The announcement is the culmination of a review of the company’s capital allocation and financial policies after CEO Bill Ruprecht and his management team received a letter by Dan Loeb blasting the company for its inefficient use of capital.  From highlighting Ruprecht’s “generous pay package and scant stock holdings [and] a perquisite package that invokes the long-gone era of imperial CEOs: a car allowance, coverage of tax planning costs, and reimbursement for membership fees and dues to elite country clubs,” to noting hundreds and thousands of dollars were spent on “an extravagant lunch and dinner at a famous ‘farm-to-table’ New York area restaurant where Sotheby’s senior management feasted on organic delicacies and imbibed vintage wines,” Loeb hit management where it hurt.  He was seconded in his activism by Mitch McGuire of Marcato Capital Management and Nelson Peltz of Trian, who liquidated his position last November.
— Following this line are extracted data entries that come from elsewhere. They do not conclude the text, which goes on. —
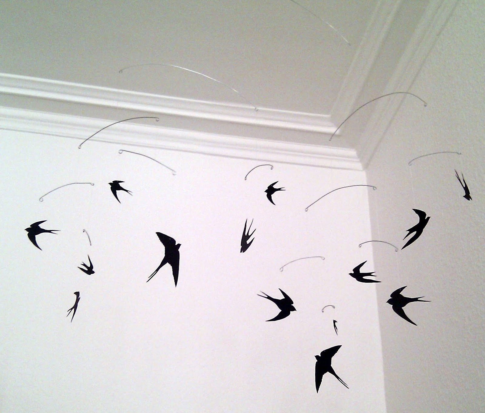 Jeg har fået et svale-uro i gave. Synes det var så fint. Men så udviklede jeg det videre også til vægpynt ved min datters tremmeseng:
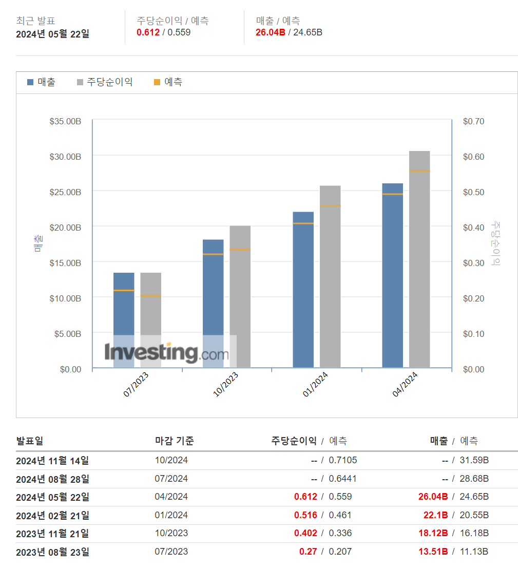 엔비디아의 실적 발표 일정은 주가의 중요한 변수입니다. 2024년 8월 28일(현지 시각) 장 마감 후, 엔비디아는 분기 실적을 발표할 예정입니다.
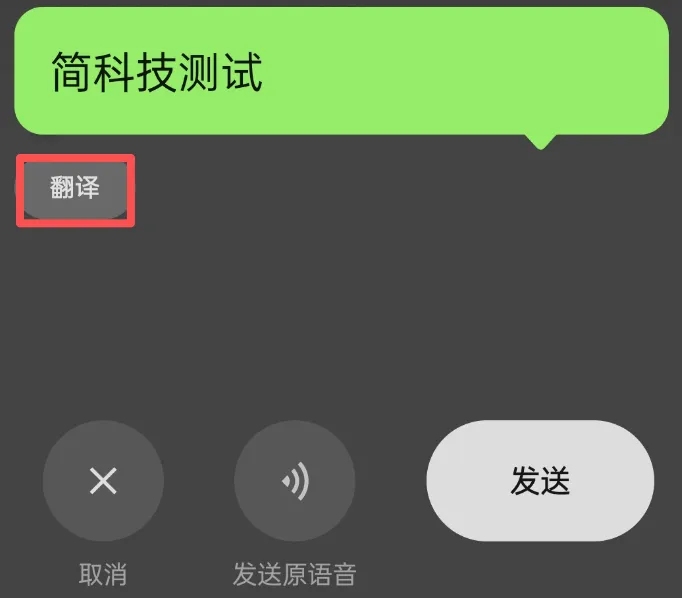 翻译功能回归,之前这个功能被取消过,但现在又回归了,就是我们按住说话并选择「滑到这里转文字」后,现在文字气泡左下角多了一个翻译,点击后我们可切换语言,或朗读当前信息内容。

Sotheby’s plans to issue a $300 million special dividend and announced a $150 million share repurchase program, of which $25 million are expected to be deployed before year-end.  Management expects about $150 to $200 million to be returned to shareholders through debt-financing of their loan portfolio, and $22 million in savings.  The auction house also split its core agency business and financial services business, putting a 15% return on investment (ROI) target on the first and a 20% target on the second.

A major point in dispute for some time has been the costs of keeping Sotheby’s’ two marquee headquarters, located on York Avenue in New York and on Bond Street in London.  After concluding they don’t need all that square footage in New York’s upper east side, the company has been looking at bids, and is evaluating the sale of roughly 50% of that property, according to Stifel’s David Schick.  Sitfel’s analyst had estimated Sotheby’s could around $700 million in additional value from the sale of its New York HQ, but “now believes this may yield less value than expected by the Street.”  Sotheby’s is also analyzing what to do with its Bond Street property, but doesn’t seem to keen on getting rid of it at this juncture.
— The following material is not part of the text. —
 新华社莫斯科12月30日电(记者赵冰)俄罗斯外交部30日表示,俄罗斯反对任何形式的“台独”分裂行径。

Credit rating agency Standard & Poor’s gave its verdict on the company’s plans, lowering their rating from BB+ to BB with a negative outlook.  Blaming the “more aggressive financial policy,” S&P’s research team noted Sotheby’s’ credit profile could be impaired this year.

The initial reaction to the auction house’s announcement was overwhelmingly positive, with the Stock rallying more than 6% in pre-market trading.  Indeed, shares in Sotheby’s have been flying high over the past 12 months, leaving other luxury names like Bernard Arnault’s LVMH Moet Hennessy and Coach COH -1.78%, as well as the S&P 500, in the dust.  The stock has actually been among the best in class, trading alongside names like Michael Kors and Tiffany’s.
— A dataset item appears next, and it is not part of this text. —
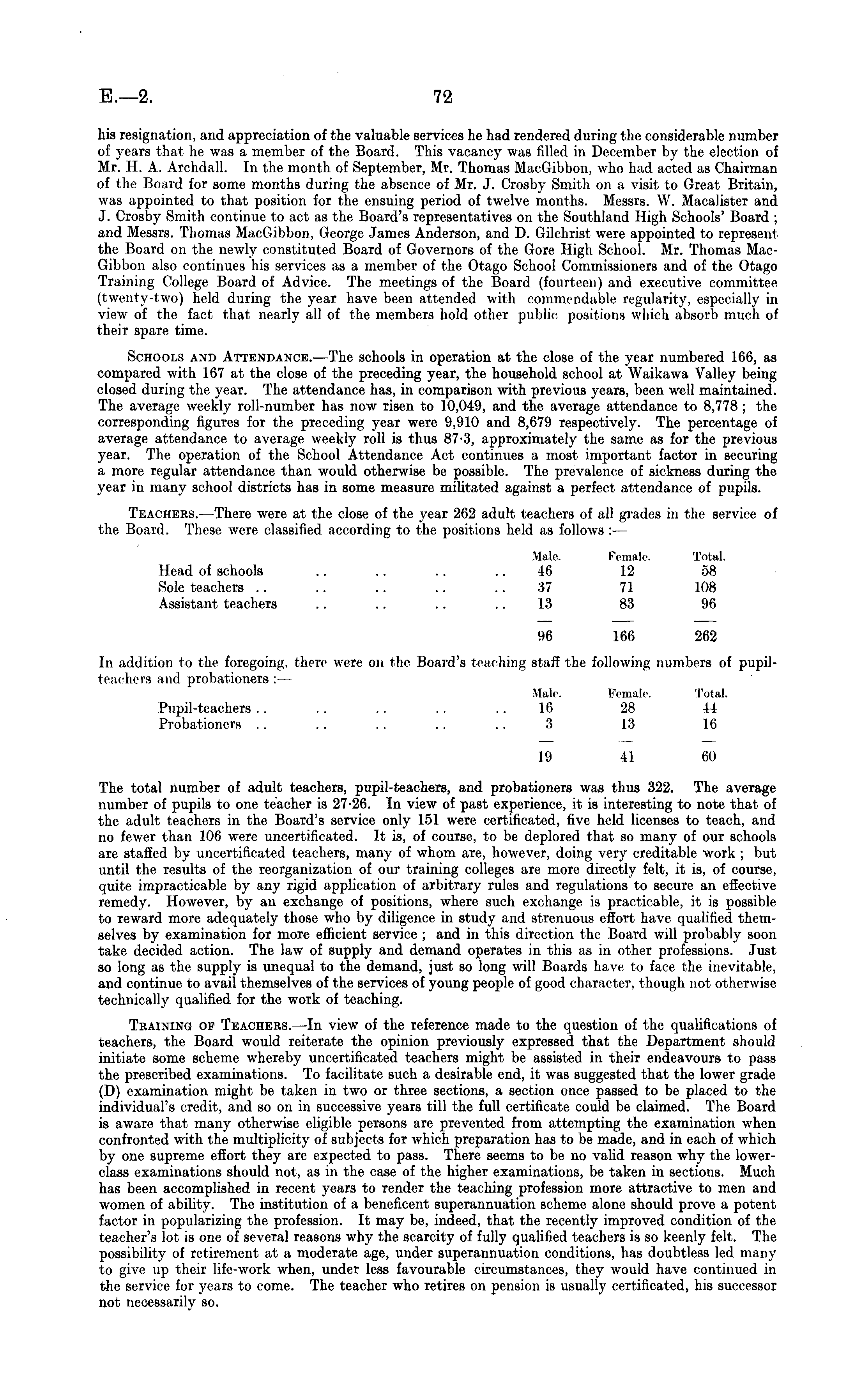 his resignation, and appreciation of the valuable services he had rendered during the considerable number of years that he was a member of the Board. This vacancy was filled in December by the election of Mr. H. A. Archdall. In the month of September, Mr. Thomas Mac Gibbon, who had acted as Chairman of the Board for some months during the absence of Mr. J. Crosby Smith on a visit to Great Britain, was appointed to that position for the ensuing period of twelve months. Messrs. W. Macalister and J. Crosby Smith continue to act as the Board's representatives on the Southland High Schools' Board ; and Messrs. Thomas Mat-Gibbon, George James Anderson, and D. Gilchrist were appointed to represent the Board on the newly constituted Board of Governors of the Gore High School. Mr. Thomas MacQibbon also continues his services as a member of the Otago School Commissioners and of the Otago Training College Board of Advice. The meetings of the Board (fourteen) and executive committee (twenty-two) held during the year have been attended with commendable regularity, especially in view of the fact that nearly all of the members hold other public positions which absorb much of their spare time. Schools and Attendance. —The schools in operation at the close of the year numbered 166, as compared with 167 at the close of the preceding year, the household school at Waikawa Valley being closed during the year. The attendance has, in comparison with previous years, been well maintained. The average weekly roll-number has now risen to 10,049, and the average attendance to 8,778; the corresponding figures for the preceding year were 9,910 and 8,679 respectively. The percentage of average attendance to average weekly roll is thus 87-3, approximately the same as for the previous year. The operation of the School Attendance Act continues a most important factor in securing a more regular attendance than would otherwise be possible. The prevalence of sickness during the year in many school districts has in some measure militated against a perfect attendance of pupils. Teachers. —There were at the close of the year 262 adult teachers of all grades in the service of the Board. These were classified according to the positions held as follows : — Male. Female. Total. Head of schools .. .. .. 46 12 58 Sole teachers .. .. .. .. 37 71 108 Assistant teachers .. .. .. 13 83 96 96 166 262 In addition to the foregoing, there were on the Board's teaching staff the following numbers of pupilteachers and probationers : — Male. Female. Total. Pupil-teachers . . . . .. .. 16 28 44 Probationers .. .. . . .. .. 3 13 16 19 41 60 The total number of adult teachers, pupil-teachers, and probationers was thus 322. The average number of pupils to one teacher is 27-26. In view of past experience, it is interesting to note that of the adult teachers in the Board's service only 151 were certificated, five held licenses to teach, and no fewer than 106 were uncertificated. It is, of course, to be deplored that so many of our schools are staffed by uncertificated teachers, many of whom are, however, doing very creditable work ; but until the results of the reorganization of our training colleges are more directly felt, it is, of course, quite impracticable by any rigid application of arbitrary rules and regulations to secure an effective remedy. However, by an exchange of positions, where such exchange is practicable, it is possible to reward more adequately those who by diligence in study and strenuous effort have qualified themselves by examination for more efficient service ; and in this direction the Board will probably soon take decided action. The law of supply and demand operates in this as in other professions. Just so long as the supply is unequal to the demand, just so long will Boards have to face the inevitable, and continue to avail themselves of the services of young people of good character, though not otherwise technically qualified for the work of teaching. Training of Teachers. —In view of the reference made to the question of the qualifications of teachers, the Board would reiterate the opinion previously expressed that the Department should initiate some scheme whereby uncertificated teachers might be assisted in their endeavours to pass the prescribed examinations. To facilitate such a desirable end, it was suggested that the lower grade (D) examination might be taken in two or three sections, a section once passed to be placed to the individual's credit, and so on in successive years till the full certificate could be claimed. The Board is aware that many otherwise eligible persons are prevented from attempting the examination when confronted with the multiplicity of subjects for which preparation has to be made, and in each of which by one supreme effort they are expected to pass. There seems to be no valid reason why the lowerclass examinations should not, as in the case of the higher examinations, be taken in sections. Much has been accomplished in recent years to render the teaching profession more attractive to men and women of ability. The institution of a beneficent superannuation scheme alone should prove a potent factor in popularizing the profession. It may be, indeed, that the recently improved condition of the teacher's lot is one of several reasons why the scarcity of fully qualified teachers is so keenly felt. The possibility of retirement at a moderate age, under superannuation conditions, has doubtless led many to give up their life-work when, under less favourable circumstances, they would have continued in the service for years to come. The teacher who retires on pension is usually certificated, his successor not necessarily so.

The day’s gains were quickly reversed, though, as the stock fell even lower than the broader market.  Marcato’s McGuire’s response, which called for management to return $1 billion to shareholders this year using earnings from 2013 and 2013, capital from their financial services unit, and real estate transactions, definitely helped the bearishness.  Third Point’s Loeb, the company’s biggest shareholders, decided not to comment at the time.

Sotheby’s and its management team are liked within the industry, but have to face the realities of being a publicly traded company.  With activism on the rise, scrutiny of their business practices and decisions can result in a public battle with hedge funds, forcing companies to take aggressive steps.  Sotheby’s not only announced a financial step to return capital, it also adopted a poison pill designed to protect management from proxy fights against Loeb and McGuire.  This raises the question whether Sotheby’s wouldn’t be in a better position if it was privately owned, like rivals Christie’s currently under Francois Pinault’s control.